# Need help on Tamron 18-250 lens



## passionphotographer (Nov 4, 2007)

Hi There,
            can somebody shed light on choosing nikkor 18-200 lens vs tamron 18-250 for nikon cameras which is said to boast 13+X zoom. I would like to know the impact on quality of a picture taken using tamron lens and the nikkor lens, which one is worth the money?

Thanks,
yours sincerely,
passion photographer


----------



## Garbz (Nov 4, 2007)

Search for 18-250 on either this board or the equipment board. There was a long and very detailed thread about these two only last week.

/Edit: http://www.thephotoforum.com/forum/showthread.php?t=98547&highlight=18-250 just to be nice


----------



## passionphotographer (Nov 5, 2007)

Thank you, I went through the replys in that thread and looks like it is a lens to go for, if you want to compromise quality and that 18-200 VR seems a better buy. 

However considering that fact that I am new to this SLR lenses world, can you help me with this? - DSLRs these days come with default 18-55 lens as a kit and people buy 70-300 VR as a zoom lens on top of this. Some kits contain 18-135 instead of the 18-55 lens. 

So what difference does it make if one buys 18-55 and 55-200 VR OR buy 18-200 VR? cant one get the same quality of the picture shot using 18-55 in the 18-200 VR? and though 105mm is in the 18-200 range, why do people buy it separately as fixed 105mm lens? - Sorry if I sounded stupid.

Thanks
yours sincerely,

passion photographer


----------



## Garbz (Nov 5, 2007)

That question is only stupid if you make lenses for a living.

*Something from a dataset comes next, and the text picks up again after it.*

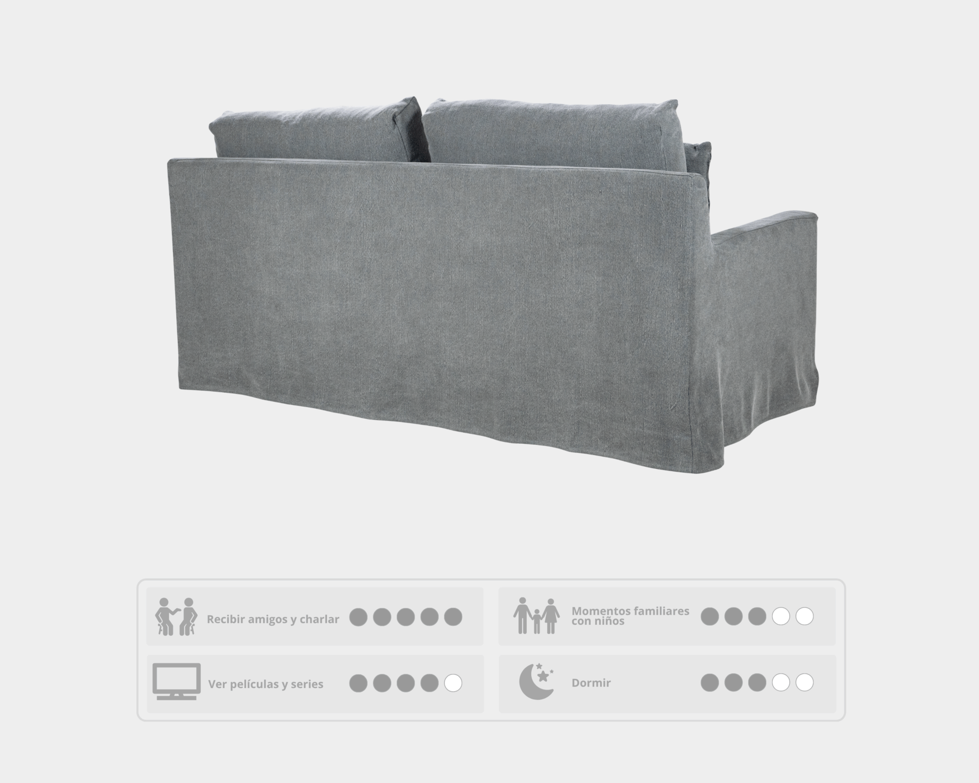 “Sofá con estructura sólida de madera de pino y contrachapado. Asiento con espuma de alta resiliencia de 36 kg/m³ en los cojines y 25 kg/m³ en las zonas blandas para un confort equilibrado. Respaldo con relleno de fibra que aporta suavidad y soporte. Patas de plástico resistentes y discretas.”
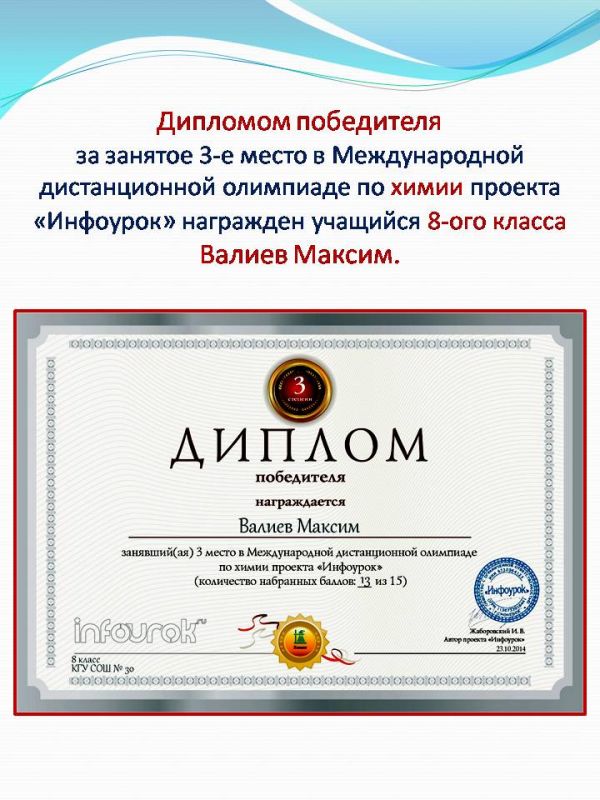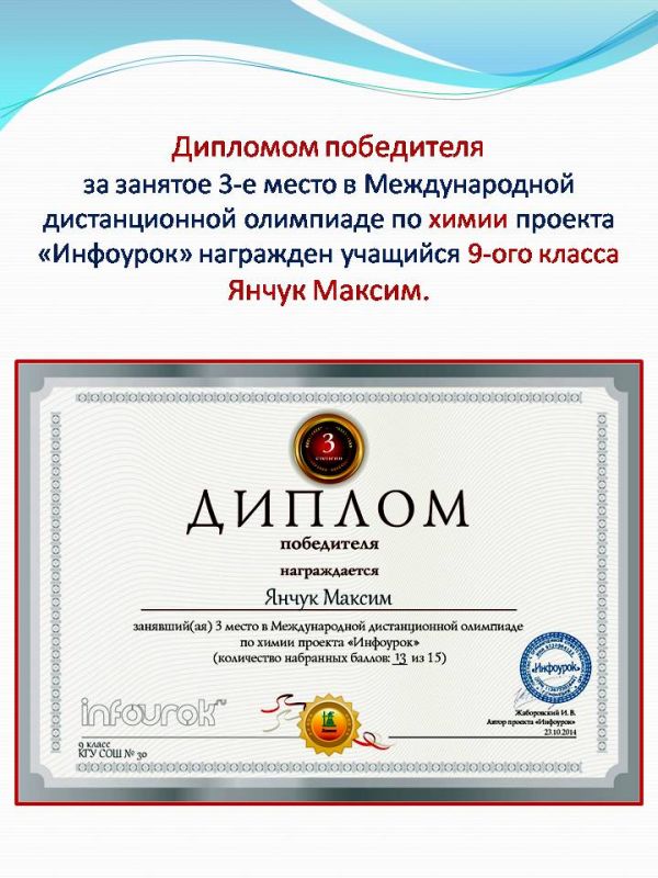 Учащиеся 8-х, 9-х, 11-х классов приняли активное участие в Международной дистанционной олимпиаде по химии проекта «Инфоурок».

The problem lies in the inherent complexity of lenses. Take a typical fixed lens the cheapest and easiest to make the 50mm f/1.8. It has about 6 elements that take care of taking the image outside projecting it back into the camera, some elements move and are dedicated to focusing, another element may be aspherical (not a standard spherical curve) to compensate for distortion, and some elements may be coated in a special way because different colours of light bend in a different way through glass.

Sounds complicated right? Well this is the most basic lens to make. Now add the ability to zoom. You need lenses which change the focal length as they are moved, but the need to do so in a way that still uses the most amount of glass or they start letting less light through and may go soft, also there needs to be more correction elements to compensate for the fact that at 18mm a scene would look like a fish bowl compared to 135mm. 

Now the 50mm f/1.8 had 6 elements. The 18-135mm f/3.5-5.6 has 13 elements, the 18-200mm f/3.5-5.6 has 16 elements!
Ok so you can see that firstly the potential to add elements immediately may cause as many problems as they solve. Many of these elements move too. 

The other thing that may be obvious above is the 50mm even through it is cheaper by far than the other two mentioned has a max aperture of f1.8 This is very wide open and gives you great depth of field. The others however have a varying aperture from 3.5 at 18mm to 5.6 at their long end. This is 2-3 stops less light for your sensor and less depth of field too. And while lenses exists that have f/2.8 over a zooming range like the 70-200mm f/2.8 you can kind of expect it for the $2000 you pay for such a lens.

So in summary. The larger the zoom range the more quality is sacrificed as the lens becomes hard to design with perfect quality over it's entire range. Check out www.photozone.de and you can see how zoom lenses vary in sharpness and distortion depending on how they are zoomed. Fixed lenses on the other hand have no distortion, are easier to design and thus come with a larger max aperture, but they are fixed and you need to zoom with your feet. They are also nearly a must as you get above 300mm. 

One other thing I saw you mentioned 105mm. Fixed lenses because of their simplicity mean that other special designs can be incorporated. The 105mm you are most likely talking about is the MicroNikkor or Sigma Macro 105mm f/2.8 lenses. These lenses are special in that they are capable of focusing to as near as 38cm from the front of the lens, giving a 1:1 projection. i.e. something that is 1cm wide will be 1cm across the sensor too. Compare that to the 18-200mm which has a 1:4.5 reproduction ratio meaning that it can't focus close enough to make an object that is 1cm appear any larger than 1/4.5th of a cm on the sensor.

/Edit: On the above site compare the 18-200mm with the 18-135mm to see the massive difference in sharpness and distortion and also take into account the price difference.


----------